|
|
|
|
|
by fourply
5151 days ago
|
|
Interesting article, Mr. Stross. I think it's great to see so many people hungry for the next new thing, out hustling and working hard to try to make it happen. As awareness of startup culture grows, it is necessarily going to attract some goofiness. That's OK. Not every idea is a good one, and not every good idea is going to work. We need these stories to make the successes stand out so much brighter. You may be right, but I hope you're not. I see things like Pebble's success on Kickstarter, Amanda Palmer bringing more attention to the idea of crowdsourcing funding for something that is every bit today's poetry, and see the spread of the paradigm shift we all already value (or else we wouldn't be here). I think it's right to be nervous, but I am cautiously optimistic that hacker/maker/startup culture is an attractive alternative to the existing production model. I always appreciate your thoughts, but nowhere near as much as I would appreciate a new Laundry novel. Thanks for the good times. |
|
I am reading the news these days with a strong sense of deja vu for late 1999.
Kickstarter and crowdsourced funding is great news for artists, but I don't see it scaling much bigger than AFP and "Iron Sky" without attracting fraudsters. Again: hacker/maker culture is great, it has brought us great things in the past, and I expect great things to come of it in future, but it's not delivering huge new industries on the scale of a Google or Facebook or Apple. (Making stuff with atoms instead of bits is intrinsically slow, energy and matter intensive, and hard to scale up exponentially.)

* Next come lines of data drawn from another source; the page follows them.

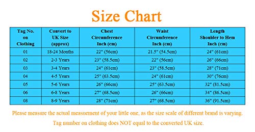 Questo adorabile vestito è fedele alla taglia. Per garantire una vestibilità perfetta, misurare le dimensioni effettive della tua bambina e confrontarle con la tabella delle taglie che abbiamo fornito nell'elenco.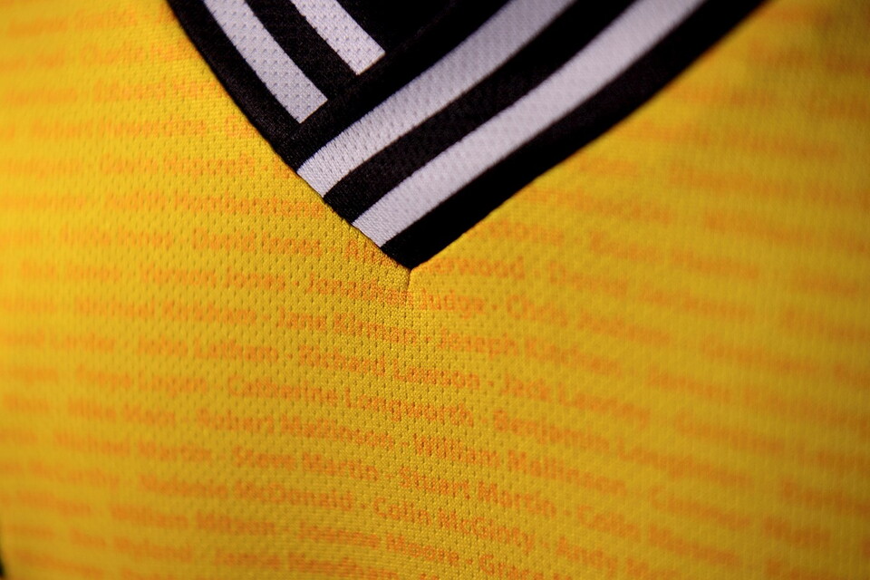 Please note that if a name is covered by a badge or sponsor on the shirt, it will feature elsewhere as the names are repeated twice.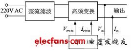 图3中,电网电压经整流滤波后供给高频变换电路,由高频变换电路产生输出。单片机输出两路PWM信号,给电源模块提供输出电压的参考值和电流的限流值,电源模块按照单片机提供的参考值输出电压和限定较大电流。虽然单片机采样输出电压和电流进行显示,但这里单片机并不参与系统的反馈,反馈通过电源模块来实现(在后面的部分中会详细讲到)。
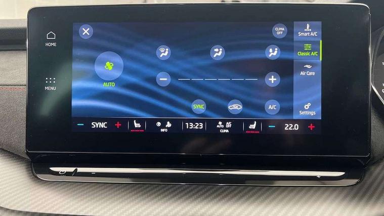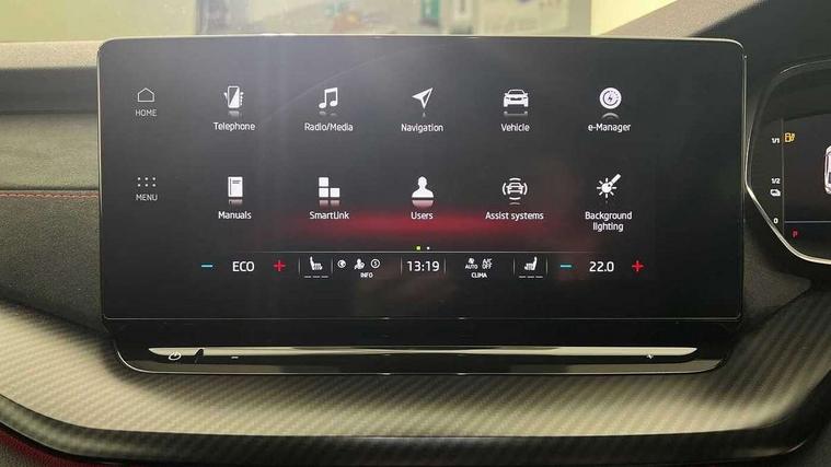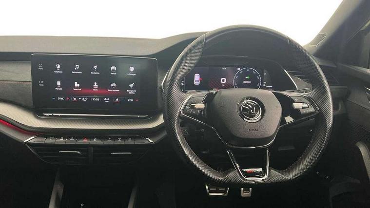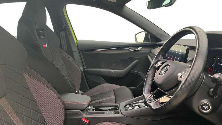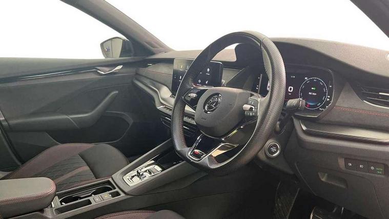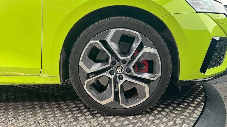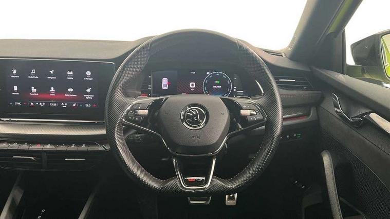 1x USB Type C port in rear view mirror (charging only), 2x USB Type C ports in rear of front centre armrest (charging only), Bluetooth system, Columbus satellite navigation with 10" touchscreen display, Driver fatigue sensor, eCall emergency system, Front and rear parking sensors with manoeuvre assist, Front assist system, Progressive dynamic steering, Speed limiter, Turn Assist, Virtual Cockpit - 10.25" digital display, Virtual pedal with electrically operated boot door (Rear LED lights (high functionality), dynamic indicators, Voice control system, Wireless SmartLink for Apple Car Play, Electronically controlled limited slip differential, Front and rear stabilizers, 2x USB Type C ports (for charging and data transfer), 8 Speakers, DAB Digital radio, Aero front windscreen wipers with intermittent function, Auto dimming rear view mirror, Body colour door handles, Chrome exhaust tailpipes, Door sills with vRS logo, Electric front and rear windows, Exterior gloss black sports styling including front grille, side strip, window surrounds, door mirror and badging, Full LED Matrix headlights with AFS, rear LED lights (high functionality) and dynamic indicators and cornering front fog lights, Headlight washers, Heated rear windscreen, High level third brake light, Ice scraper in fuel cap, LED daytime running lights, Rain and light sensors, Rear fog light on one side, Rear privacy glass, Rear side wing doors, vRS bumpers and lip spoiler, 3 rear headrests, 3 seat bench in 2nd row, 4 foldable roof handles, Aluminium pedals, Black headlining, Black microsuede padded dash panel with red contrast stitching, Chrome inner door handles, Front centre armrest, Front head restraints, Heated front seats, Illuminated glovebox, Leather trimmed gearshift lever, Luggage compartment lighting x1 light, Mechanical rear seat release, Parcel shelf - folding, Single front passenger seat, Sunglasses storage, Textile floor mat set, Three spoke leather sports multifunction steering wheel with paddles, Ticket holder, Umbrella in door panel, Unsplit rear bench seat and split folding backrest, LED interior light pack - Octavia, 3 point front/outer rear seatbelts+pre-tensioners, Alarm with interior monitoring, tilt sensor and back up horn, Automatic door unlocking in case of crash, Automatic fuel cut off in case of crash, Automatic warning lights in case of emergency braking, Curtain airbags and front side airbags, Driver and front passenger airbags, Drivers knee airbag, Electronic parking brake, ESC including ABS, EBV, MSR, ASR, EDS, HBA, DSR, Front and rear disc brakes, Front central airbag, Hill hold control, Hill start assist, ISOFIX on front passenger seat and outer rear seats, Manual rear child locks, Passenger airbag deactivate switch, Pro active services, Red brake calipers, Two tone horn, Tyre pressure monitor, Visual and acoustic seat belt reminder, Warning reflectors in front door, Door locks with immobiliser, Keyless entry and start/stop including rear doors, Remote central locking, Carbon optic decorative inserts, Gloss black air vent surrounds, 19" Altair anthracite alloy wheels,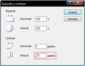 Después de ésto, seleccionaremos el cuadrado con el círculo dentro e iremos a la Barra de Herramientas en Imagen>Expandir o Contraer, y en Contraer>Vertical escribiremos 27 .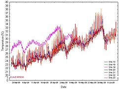 為了滿足第一個(gè)目標(biāo)的要求,在2008年5月GHD的商業(yè)潛水者部署HOBO溫度記錄儀 六近岸站點(diǎn),深度為1.5米至9米。記錄儀很容易被它們連接到使用扎帶沉淀物捕集器部署,如圖1.使用溫度記錄器被下載水下按月HOBO ,快速和可靠的機(jī)制進(jìn)行數(shù)據(jù)檢索原位(圖2和圖3)。
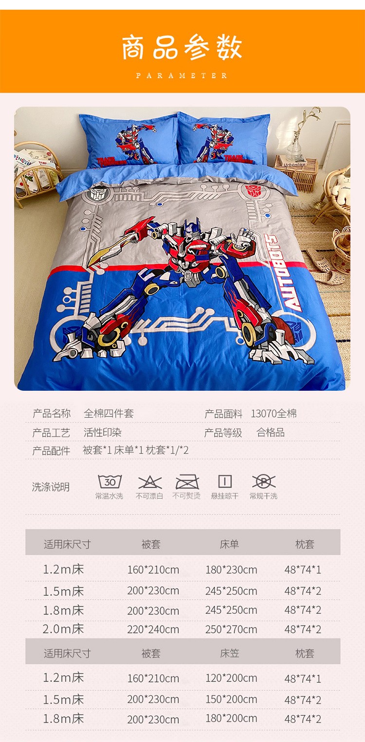 商品名称:金爱家家纺 2021新款童梦系列大版卡通全棉四件套 擎天柱
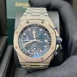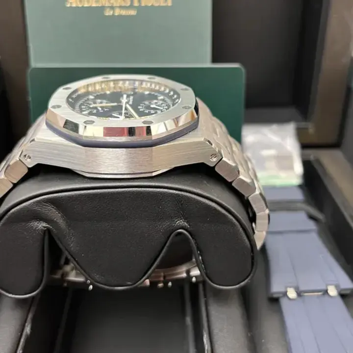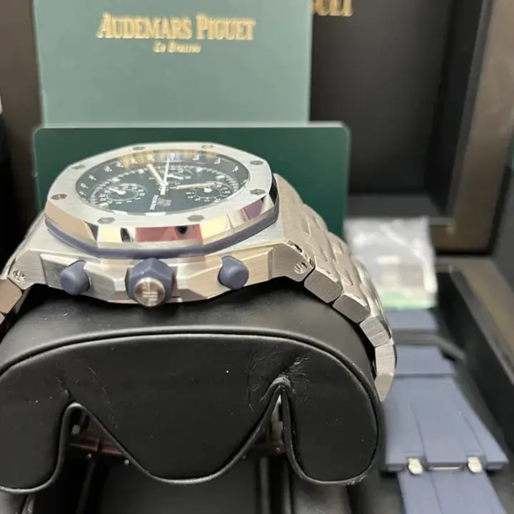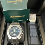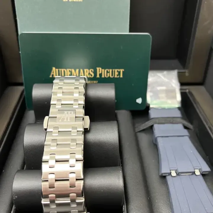 Blue dial with “Petite Tapisserie” pattern, blue counters, white gold applied hour-markers and Royal Oak hands with luminescent coating, blue inner bezel.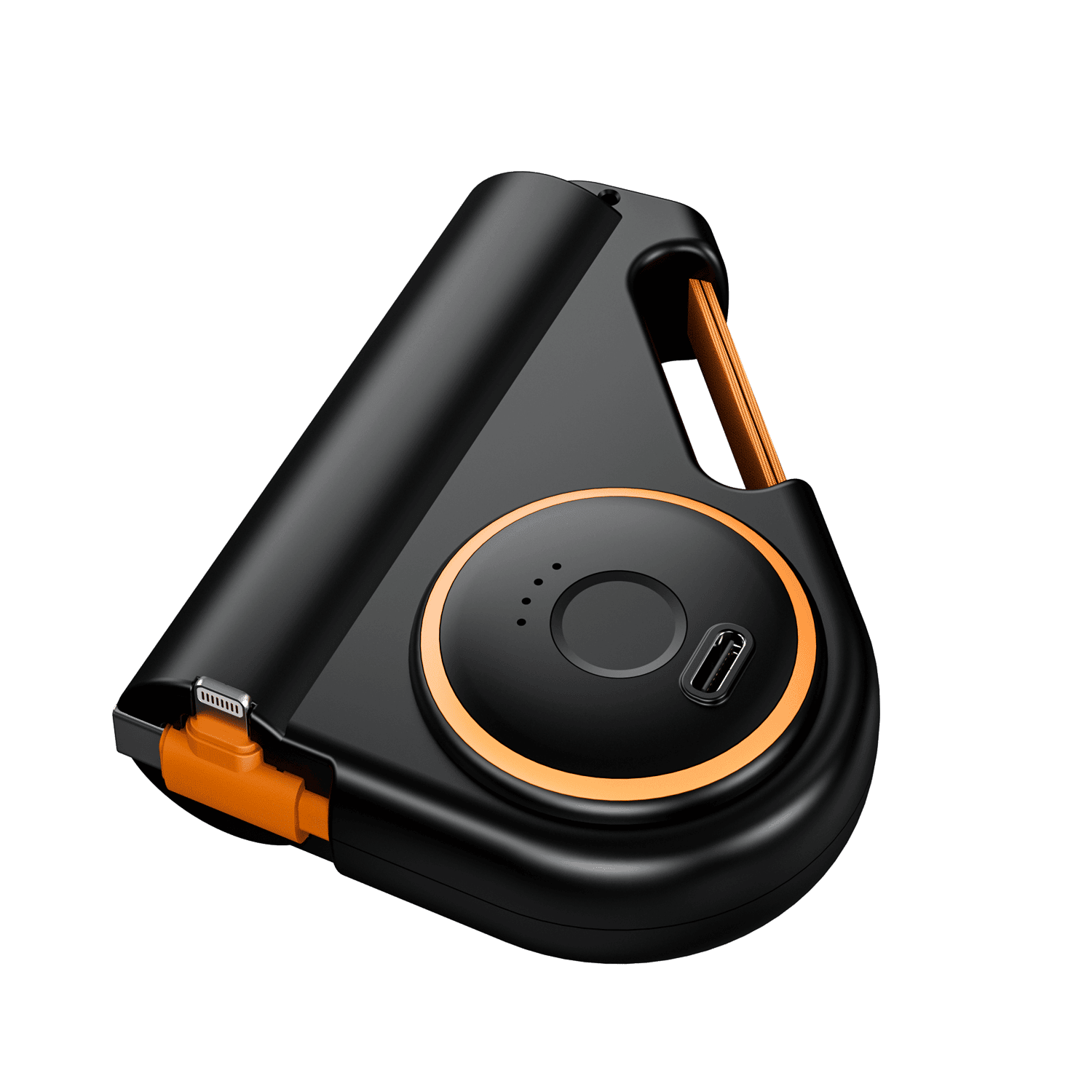 Self-Retractable Charging Cable: Built-in 2.6-foot cable with both Type-C and Lightning support, retracts for easy storage.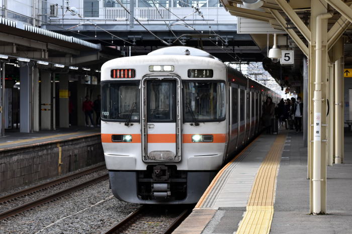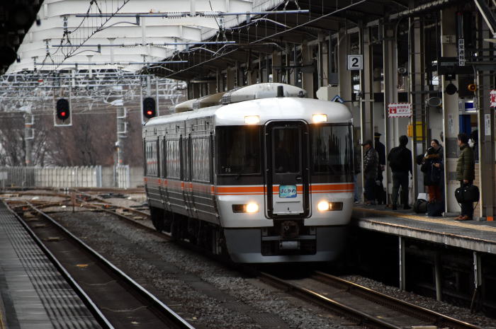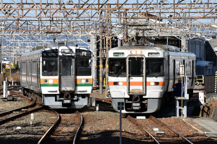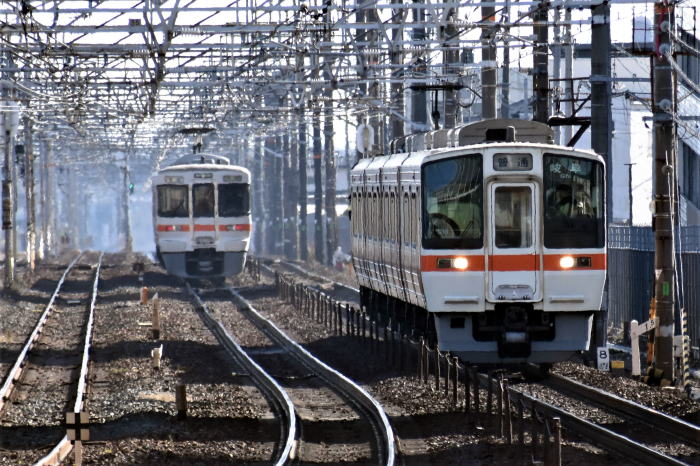 | 稲沢駅に到着する岐阜行311系普通列車と発車した豊橋行313系普通列車 |

But this isn't about artists making a living. If this guy was talking about crowdsourcing to fund his next book of poetry I'd be all in favour. But instead, he's talking about building some kind of bullshit hosting/purchasing storefront with the idea of raking off a percentage of gross from a market that died of natural causes three quarters of a century ago.
Thinking you can set yourself up to rake off a chunk of the value in each exchange in a particular field is the sort of wishful thinking that gave us the Feb 2000 bust.